= Lee E. Brasseur =

American academic

Lee Ellen Brasseur is an American Professor of technical communication at the Department of English at the Illinois State University, and expert in the field of visualization, known from her 2003 book "Visualizing Technical Information: A Cultural Critique".

== Biography ==
Brasseur received a B.A. from Western Michigan University, an M.A. at Eastern Michigan University, and a D.A. from the University of Michigan in Ann Arbor.

In 1990 she started working at the Department of English at the Illinois State University. Until 2005 she has been teaching courses in visual rhetoric and technical writing. From 1998 to 1999 she was Director of the Technical Writing Program at Illinois State University. She served as Associate Chair, Department of English at Illinois State University. She has been working as consultant for several publishing firms. And since 1999 she is Editorial Reviewer for the journal Technical Communication Quarterly.

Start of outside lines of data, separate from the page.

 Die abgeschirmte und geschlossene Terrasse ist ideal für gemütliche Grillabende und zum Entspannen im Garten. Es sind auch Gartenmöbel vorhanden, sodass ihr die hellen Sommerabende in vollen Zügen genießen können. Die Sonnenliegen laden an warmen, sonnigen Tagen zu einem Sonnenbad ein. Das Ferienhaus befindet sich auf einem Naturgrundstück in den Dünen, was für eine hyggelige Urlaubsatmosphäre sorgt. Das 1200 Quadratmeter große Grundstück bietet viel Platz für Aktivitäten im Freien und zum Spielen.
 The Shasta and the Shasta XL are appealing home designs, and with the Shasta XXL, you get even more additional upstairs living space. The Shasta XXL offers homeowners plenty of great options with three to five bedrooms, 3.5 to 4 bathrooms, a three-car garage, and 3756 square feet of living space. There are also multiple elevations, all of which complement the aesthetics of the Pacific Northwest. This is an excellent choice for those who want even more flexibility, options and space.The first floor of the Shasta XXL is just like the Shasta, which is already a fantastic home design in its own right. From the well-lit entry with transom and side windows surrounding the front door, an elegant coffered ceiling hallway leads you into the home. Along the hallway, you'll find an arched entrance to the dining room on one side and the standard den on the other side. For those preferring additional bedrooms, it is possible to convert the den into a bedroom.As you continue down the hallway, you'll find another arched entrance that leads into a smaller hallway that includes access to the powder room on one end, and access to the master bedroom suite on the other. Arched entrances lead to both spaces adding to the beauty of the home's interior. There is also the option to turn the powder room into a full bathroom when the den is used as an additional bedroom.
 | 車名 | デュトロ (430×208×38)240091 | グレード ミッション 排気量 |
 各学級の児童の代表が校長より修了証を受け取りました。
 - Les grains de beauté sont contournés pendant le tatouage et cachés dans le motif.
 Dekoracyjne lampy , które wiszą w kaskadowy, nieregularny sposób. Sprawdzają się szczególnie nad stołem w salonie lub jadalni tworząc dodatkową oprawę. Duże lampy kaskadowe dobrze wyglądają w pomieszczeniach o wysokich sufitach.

In 1994 Brasseur received a Nomination for University Research Initiative Award by the College of Arts and Sciences, Illinois State University. In 2004 she received a College of Arts and Sciences Outstanding Research Award in the Humanities in 2004 also from the Illinois State University.

== See also ==
- Diagram

== Publications ==
Lee E. Brasseur has written several articles and a book.
- 1997. New American families : Chinese daughters and their single mothers : adoption stories about hope and love from Our Chinese Daughters Foundation. Compiled and edited with Jane A. Liedtke. Bloomington, IL : Our Chinese Daughters Foundation.
- 2003. Visualizing Technical Information: A Cultural Critique. Amityville, NY : Baywood Publ.

Articles, a selection:
- 2001. "Critiquing the Culture of Computer Graphing Practices". In: Journal of Technical Writing and Communication. Vol 31, nr.1. pp. 27–39.
- 2004. "Contesting the Objectivist Paradigm: Gender Issues in the Technical and Professional Communication Curriculum". In: Central Works in Technical Communication. Edited by Johndan Johnson-Eilola and Stuart A. Selber. Oxford press.
- 2005. "Florence Nightingale's Visual Rhetoric in the Rose Diagrams." In: Technical Communication Quarterly 14: 2.